Goal of the exercise
Leaving out the pictures, return each line of the entries from the first through the line with "This Square D", and only those lines.

Dataset records
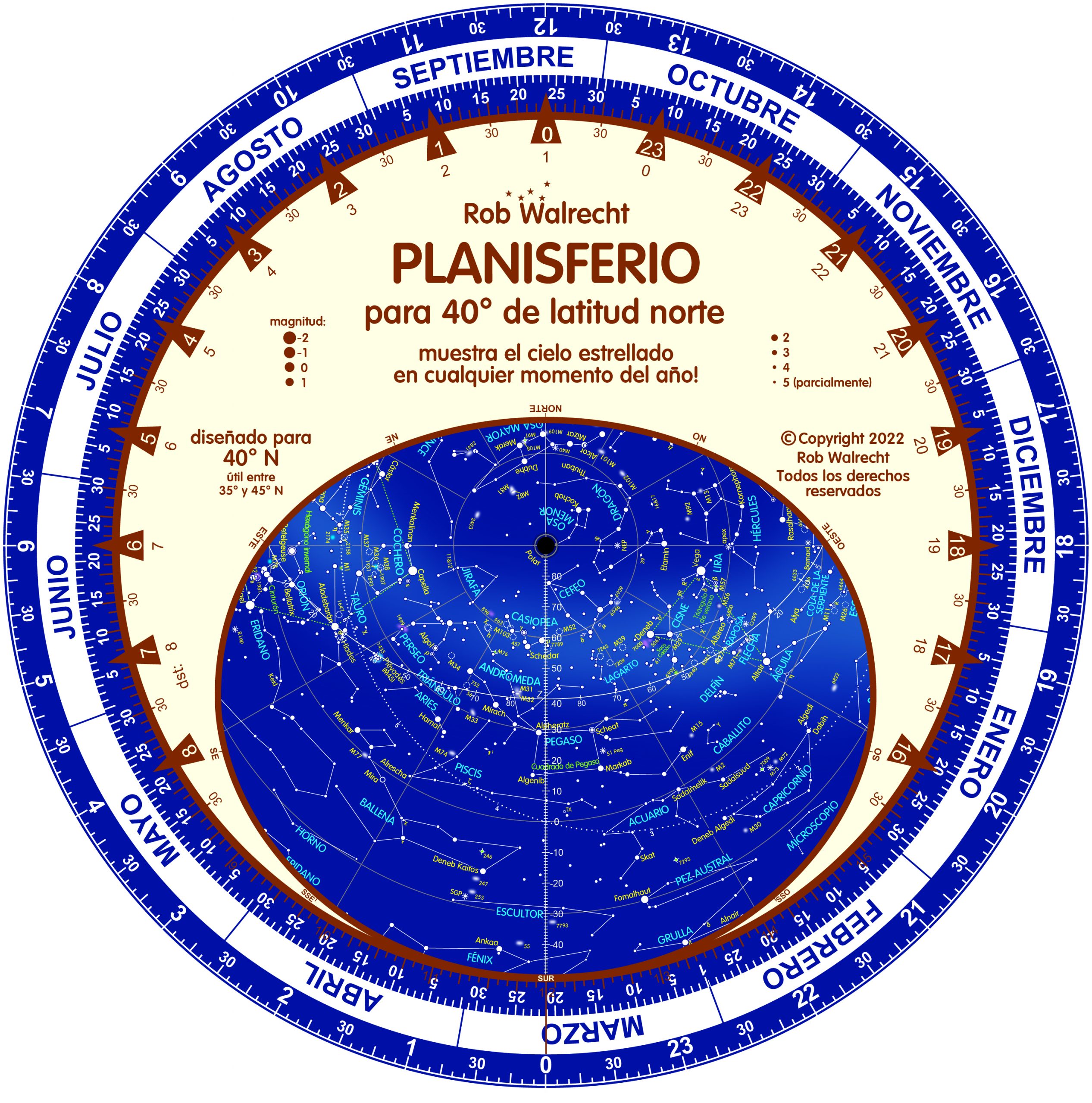 Planisferio para 40º latitud norte – Rob Walrecht (en español y en color)
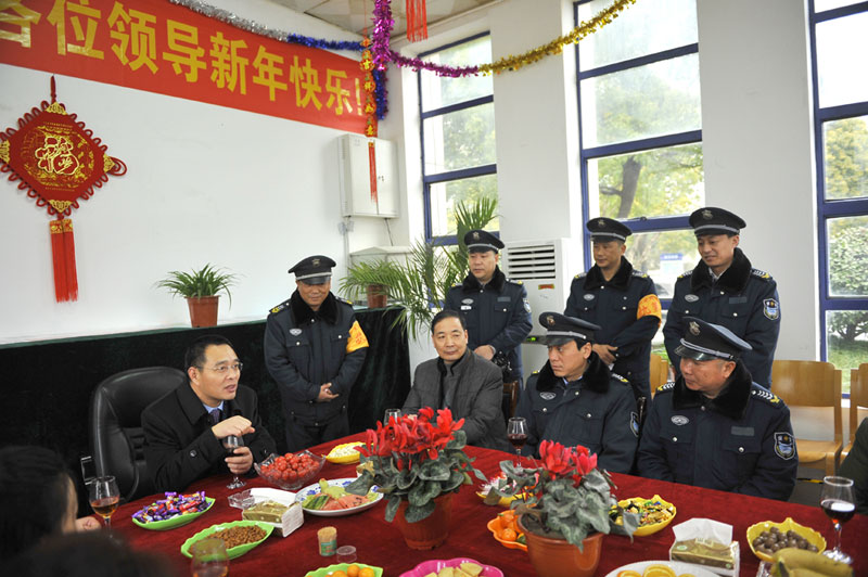 當(dāng)天上午,在人防管理中心總監(jiān)王錦春陪同下,婁伯翱總經(jīng)理慰問(wèn)了駐市審批中心、淮陰卷煙廠、市財(cái)經(jīng)學(xué)院、市護(hù)理學(xué)院等人防執(zhí)勤點(diǎn)以及銀盾駕校等部門(mén)堅(jiān)守崗位的保安員工。在每個(gè)執(zhí)勤點(diǎn),婁伯翱總經(jīng)理都與堅(jiān)守崗位的保安員親切握手,并詳細(xì)詢問(wèn)隊(duì)員的工作和生活情況,向堅(jiān)守崗位的隊(duì)員致以新春的問(wèn)候,祝福大家新春快樂(lè)、全家幸福!并勉勵(lì)大家在新的一年里勤奮工作,敬業(yè)奉獻(xiàn),為淮安保安工作再上新臺(tái)階作出更大的貢獻(xiàn)!
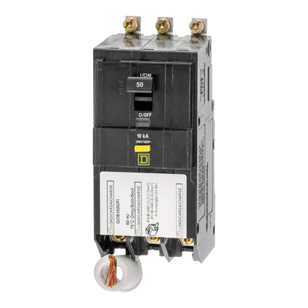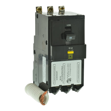 This Square D QOB350GFI pigtail neutral circuit breaker provides reliable 50 Amp, 3-Pole ground fault protection for 208Y/120V circuits in QO loadcenters. With 6mA ground fault detection and bolt-on installation, it ensures enhanced safety for commercial and residential applications.
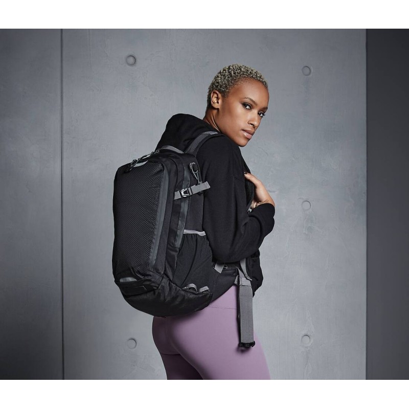 Mixte de polyester 600D/Ripstop en nids d'abeilles | Housse de protection contre la pluie imperméable et amovible | Convient à des ordinateurs portables jusqu'à 15,6 po | Bretelles réglables rembourrées | Sangles ajustables au niveau des hanches et de la poitrine | Partie dorsale respirante et ergonomique avec empiècement en résille | Compatibilité avec réservoir d'hydratation (poche à eau) | Points de fixation des bâtons de trekking | Poignées renforcées/tissées | Poches latérales élastiques en maille filet | Poches latérales à glissière | Poche intérieure en résille | Accents réfléchissants | Sangle d'épaule rembourrée et ajustable | Poignée | Étiquette déchirable | Capacité : env. 20 litres | Livraison sans contenu/décoration
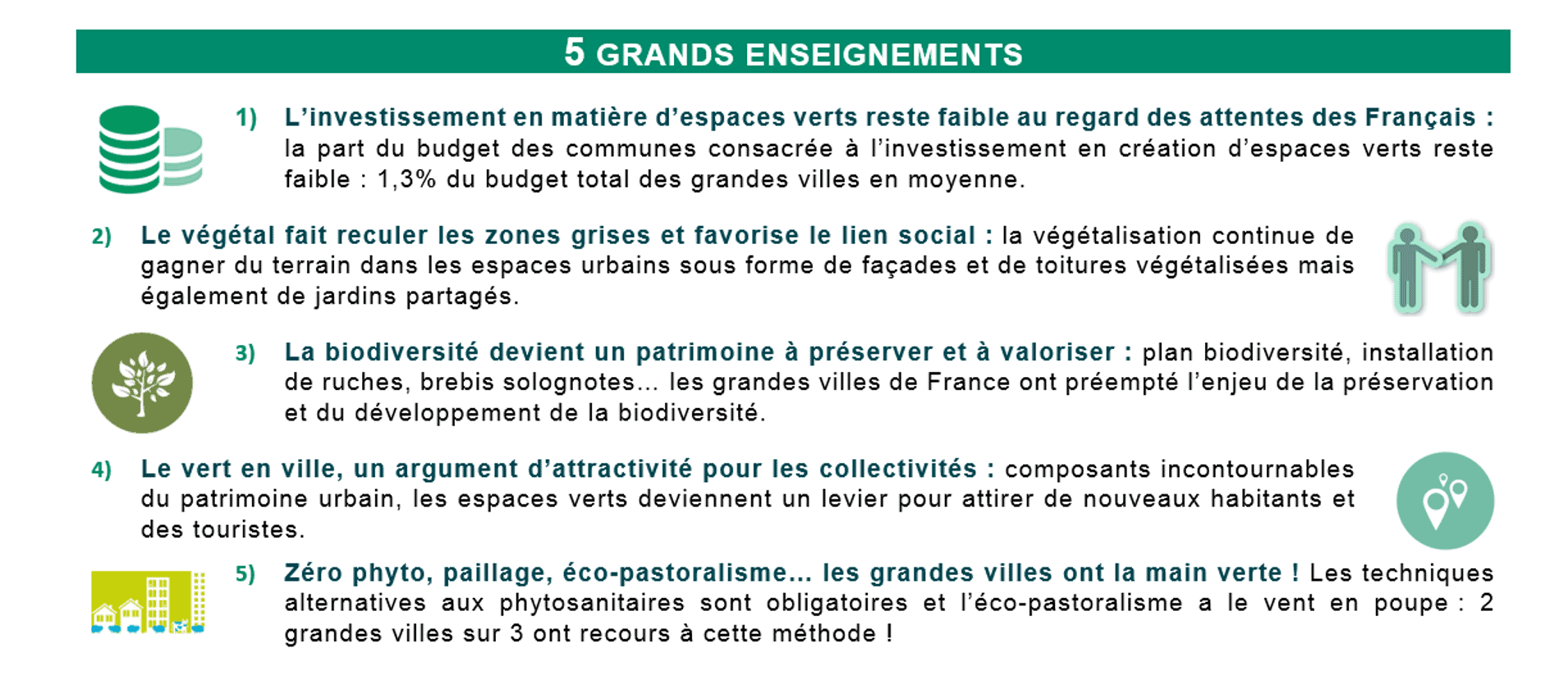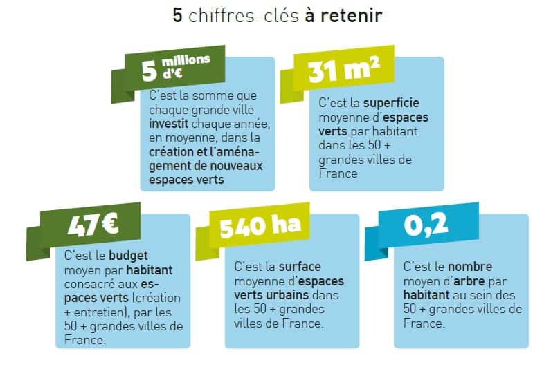 - 5 millions d’euros la somme que chaque grande ville investit chaque année en moyenne, dans la création de nouveaux espaces verts.
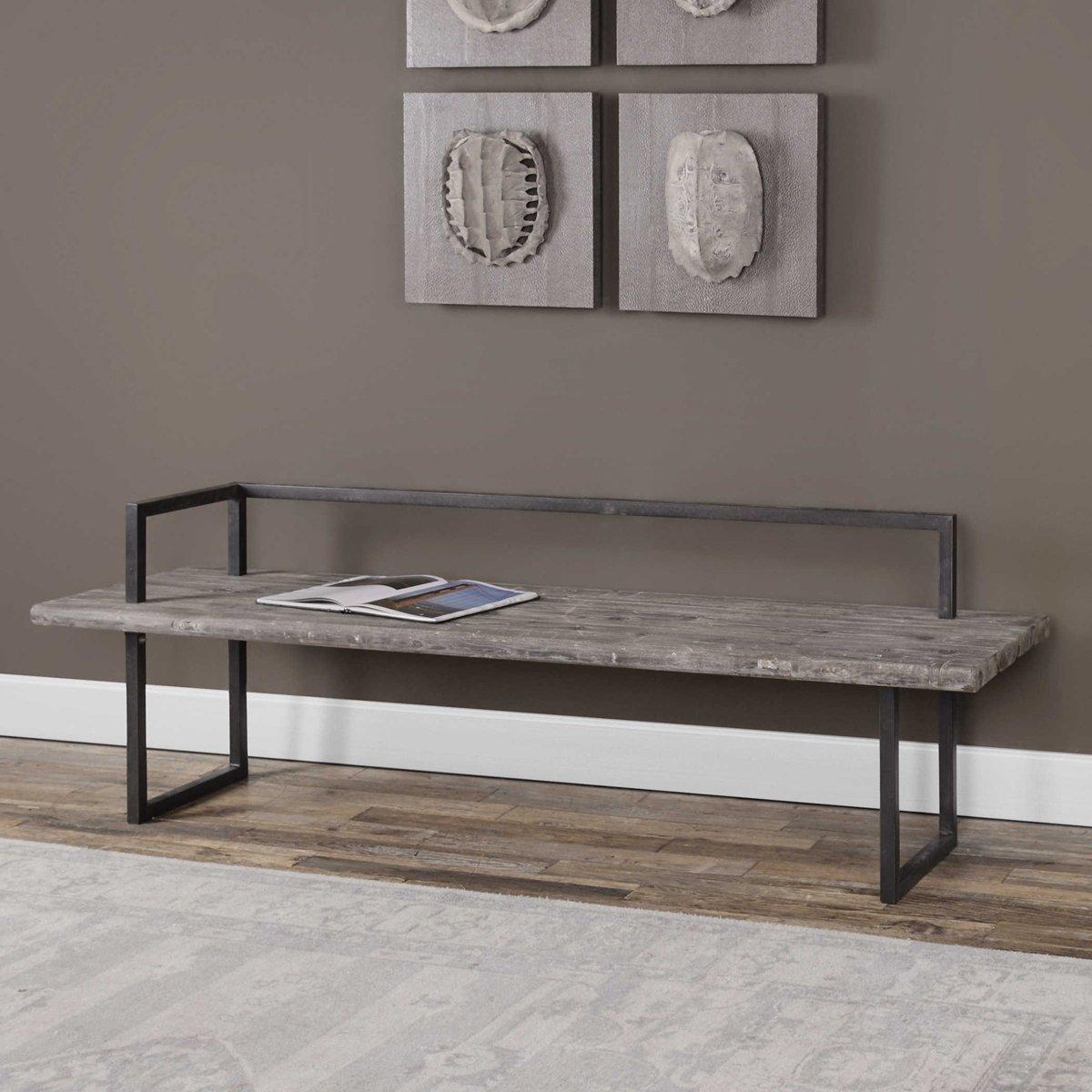 Rustic Reclaimed Wood Bench 26 H x 80 W x 21 D Aged Black White Wash Wood Iron Furniture Rustic Shades of Light Very well made.
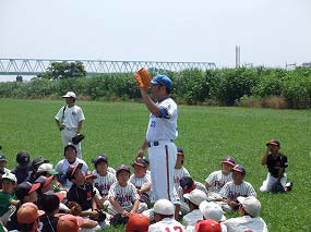 ポジション別の指導では投手編を担当しました小野さんがピッチング実技指導の前に、しっかりとした体をつくるためにも「食事はしっかりと取りましょう。コンビニのお菓子やジュースは、食事前にはできるだけ控えましょう。」と子供たちに食事の大切さを指導していました。実技指導では一人ずつピッチングホームをチェックしてまわり、子供たちも真剣に耳を傾けていました。
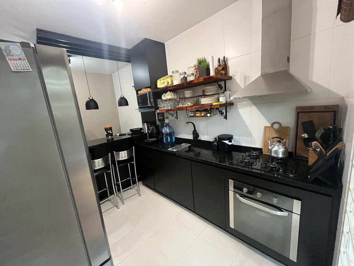 Popoln apartma ob oceanu v Cambuhy Resortu, idealen za družine in pare. Integrirana gurmanska dnevna soba, opremljena kuhinja, žar, dnevna soba s televizijo in 3 spalnice. Kondominijski klub ob morju z bazeni za odrasle in otroke, telovadnico, knjižnico igrač, sobo za zabave in igre, športnimi igrišči, kioski in 24-urnim hišnim upraviteljem, nogo v pesku z ekskluzivnim dostopom do plaže. Idealno za 5 oseb, vendar udobno sprejme do 6 gostov, posteljnina je vključena.
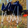Il telo impermeabile del tetto e le pareti laterali sono realizzati in resistente poliestere rivestito con uno strato di PVC all'interno. La cucitura è doppia più incollata. Ogni tela che produciamo è impermeabile al 100% e adatta per la stampa con il tuo logo.
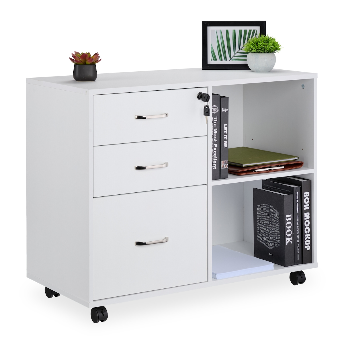 Relaxdays Rollcontainer, 3 Schubladen, 2 Fächer, Hängeregister, HxBxT: 66x80x40 cm, abschließbarer Aktenschrank, weiß
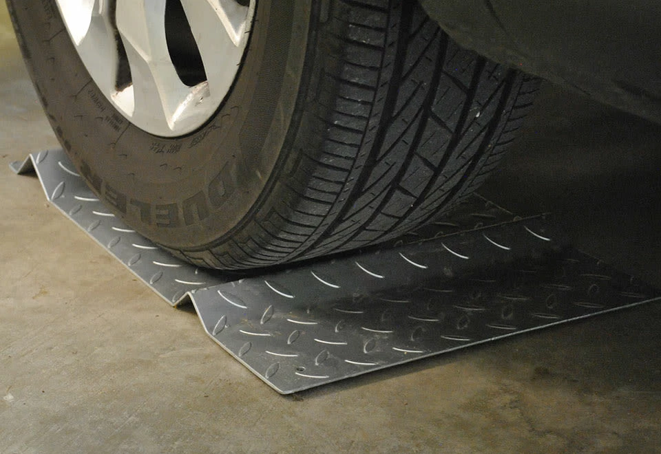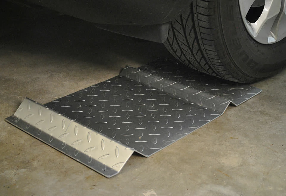 The Steel Parking Mat functions as a guide to help you park your car perfectly in the exact same spot without damage to your car or valuable items around the space. Simply position your car in the ideal spot and mark the floor around one of your front wheels. Move the car back and place the metal parking mat on the marked spot on the floor. The rubber feet on the mat will keep it in place as you park. It’s made of heavy duty steel to endure wear and tear with use. Ideal for use as a guide when parking in narrow garages.
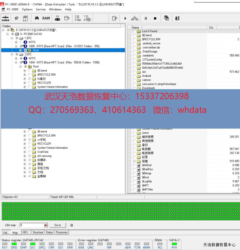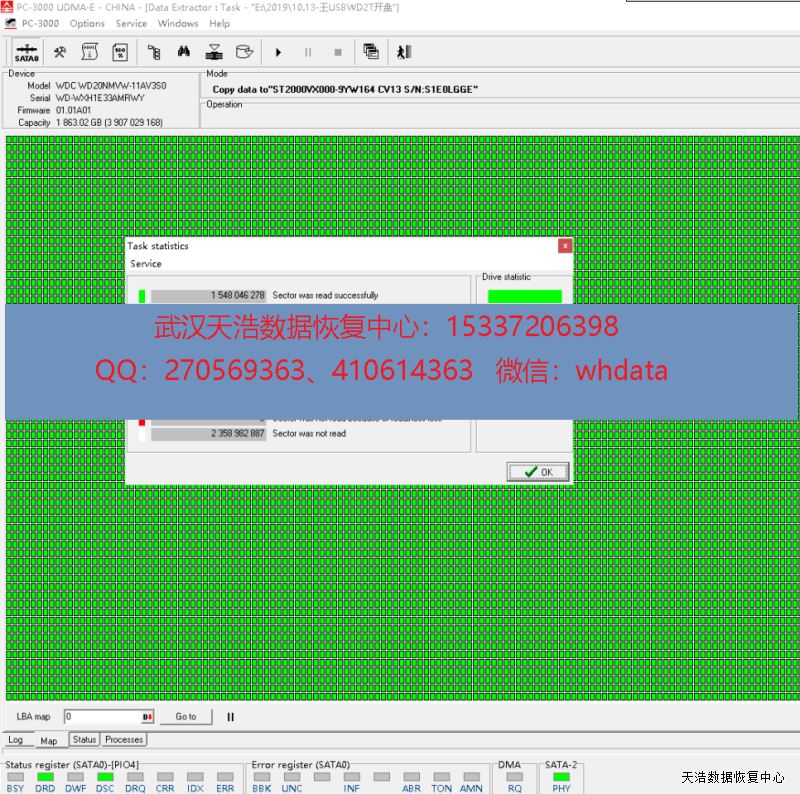 解决方案:收到硬盘后,我们在无尘环境更换兼容的磁头,再接到专业数据恢复工具PC3000 UDMA上,通电硬盘正常认盘,DE镜像,成功恢复客户硬盘内几乎全部数据。
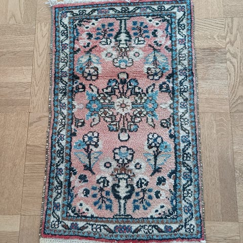 Støvet rosa tæppe kun lagt til pynt på en puf. Ligner uld men, er det ikke. Det er blødt.
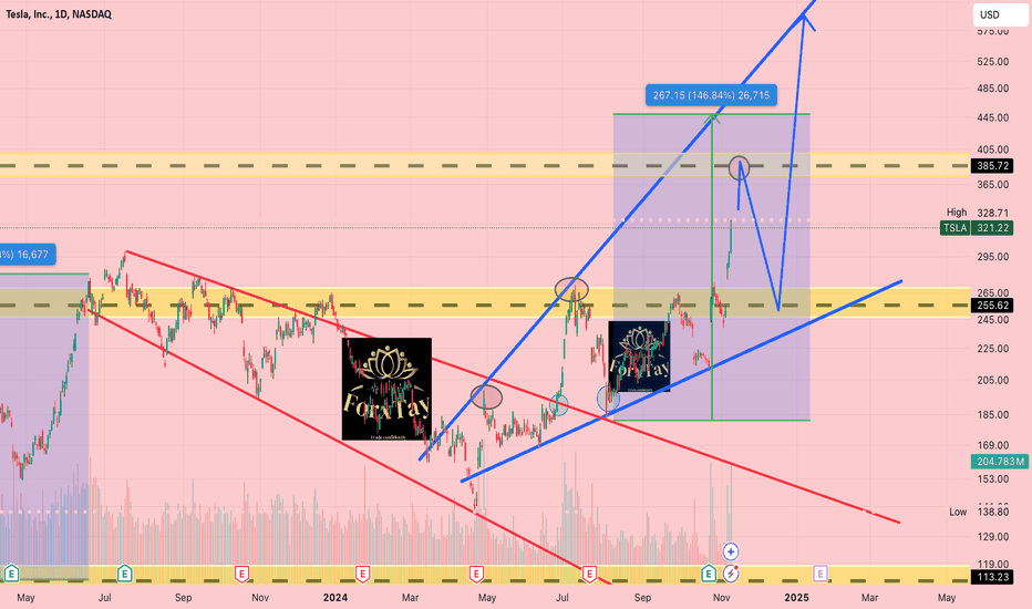 Elon Musk has been the key pillar of President Trumps campaign, now that the outcome is clear investors should see an end to federal law fare against Musk's from X and Neuralink and TESLA INC. Expected tariffs against China should give Tesla ample room to prepare its next lineup of affordable EVS such as Model 2, without having to resort to aggressive profit cutting. If Tesla materializes its robotaxi served by robustly implementing FSD,TSLA stock price could turn out to be at ban extreme discount at present so keep buying in as these factors are yet to be priced in. The company crossed the $1tn valuation for the first time in more than 2 years. TECHNICAL: on the weekly time framed we are faced with short end w pattern with the resistance of 385 this is the area we may see it retest/ reverse back to the neckline /support of 266-250 then from here it can continue going up again. this is also trending in a bullish pennant signalling major bullish signs.

Solved exercise
 Planisferio para 40º latitud norte – Rob Walrecht (en español y en color)
 當(dāng)天上午,在人防管理中心總監(jiān)王錦春陪同下,婁伯翱總經(jīng)理慰問(wèn)了駐市審批中心、淮陰卷煙廠、市財(cái)經(jīng)學(xué)院、市護(hù)理學(xué)院等人防執(zhí)勤點(diǎn)以及銀盾駕校等部門(mén)堅(jiān)守崗位的保安員工。在每個(gè)執(zhí)勤點(diǎn),婁伯翱總經(jīng)理都與堅(jiān)守崗位的保安員親切握手,并詳細(xì)詢問(wèn)隊(duì)員的工作和生活情況,向堅(jiān)守崗位的隊(duì)員致以新春的問(wèn)候,祝福大家新春快樂(lè)、全家幸福!并勉勵(lì)大家在新的一年里勤奮工作,敬業(yè)奉獻(xiàn),為淮安保安工作再上新臺(tái)階作出更大的貢獻(xiàn)!
 This Square D QOB350GFI pigtail neutral circuit breaker provides reliable 50 Amp, 3-Pole ground fault protection for 208Y/120V circuits in QO loadcenters. With 6mA ground fault detection and bolt-on installation, it ensures enhanced safety for commercial and residential applications.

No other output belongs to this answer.